▶ _What the task asks_: Transcribe the listing exactly as written. Leave the images out.

▶ _Collected data_:
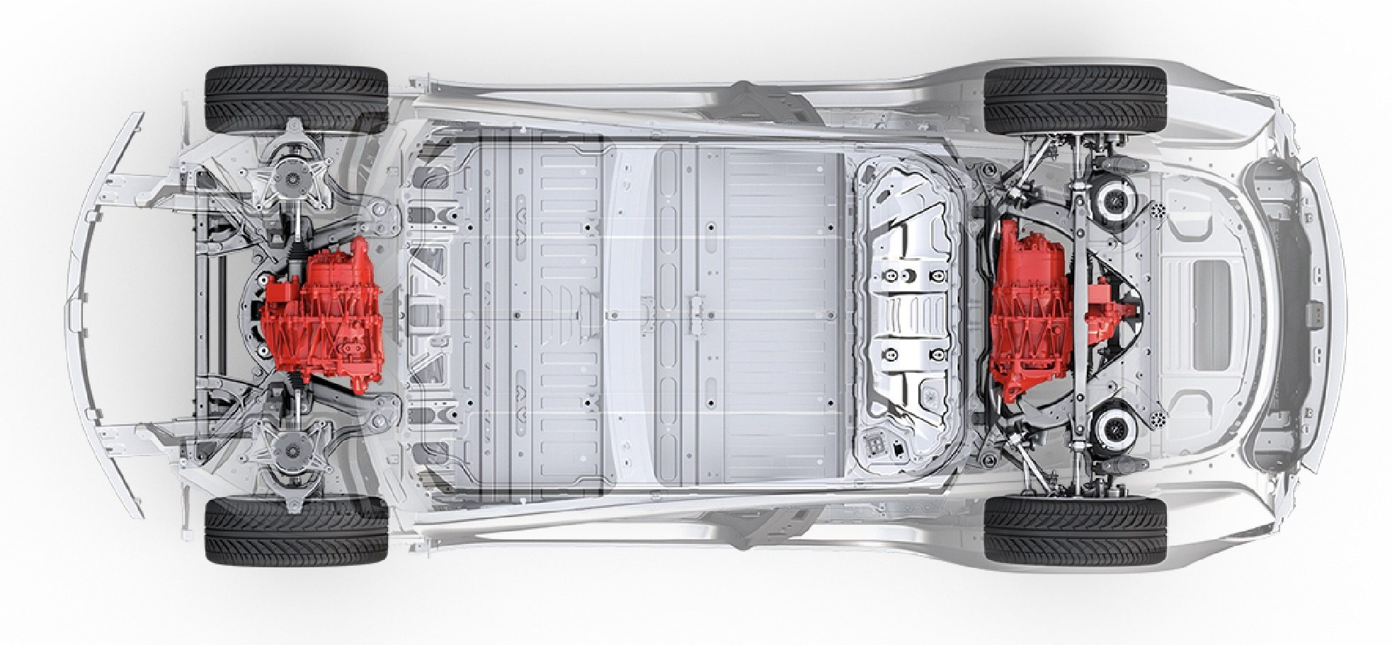电动汽车时代,各家车厂动力总成的布置开始趋于一致:电池组平铺于车身底部以降低重心同时提升车内利用空间;电机布置在前后轴的位置。
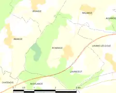 - Situación de Romange en un mapa de Francia y de comunas limítrofes (enlace roto disponible en Internet Archive; véase el historial, la primera versión y la última). (en francés)
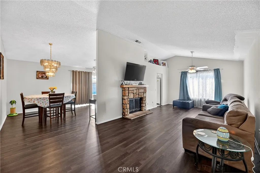 Beautiful 3-bedroom, 2-bath home located in a great area of Hemet This home has a two-car garage with additional driveway space, offering plenty of parking. Inside, youll find laminate wood flooring throughout and an open floor plan that brings in an abundance of natural light. The kitchen features bright white cabinetry, a breakfast bar for additional seating, and a clean, refreshed feel. The bathrooms offer shower/tub combinations, and all bedrooms are generously sized. Additional highlights include a cozy fireplace, gas stove, and washer/dryer gas hookups conveniently located in the garage. The backyard is ideal for entertaining, complete with a barbecue area, patio, and retractable awning. Theres also a large detached structure in the backyard perfect for a workshop, bonus room, man cave, or even future ADU potential. A solid home with great features and room to make it your own.

▶ _Exercise response_:
电动汽车时代,各家车厂动力总成的布置开始趋于一致:电池组平铺于车身底部以降低重心同时提升车内利用空间;电机布置在前后轴的位置。
 - Situación de Romange en un mapa de Francia y de comunas limítrofes (enlace roto disponible en Internet Archive; véase el historial, la primera versión y la última). (en francés)
 Beautiful 3-bedroom, 2-bath home located in a great area of Hemet This home has a two-car garage with additional driveway space, offering plenty of parking. Inside, youll find laminate wood flooring throughout and an open floor plan that brings in an abundance of natural light. The kitchen features bright white cabinetry, a breakfast bar for additional seating, and a clean, refreshed feel. The bathrooms offer shower/tub combinations, and all bedrooms are generously sized. Additional highlights include a cozy fireplace, gas stove, and washer/dryer gas hookups conveniently located in the garage. The backyard is ideal for entertaining, complete with a barbecue area, patio, and retractable awning. Theres also a large detached structure in the backyard perfect for a workshop, bonus room, man cave, or even future ADU potential. A solid home with great features and room to make it your own.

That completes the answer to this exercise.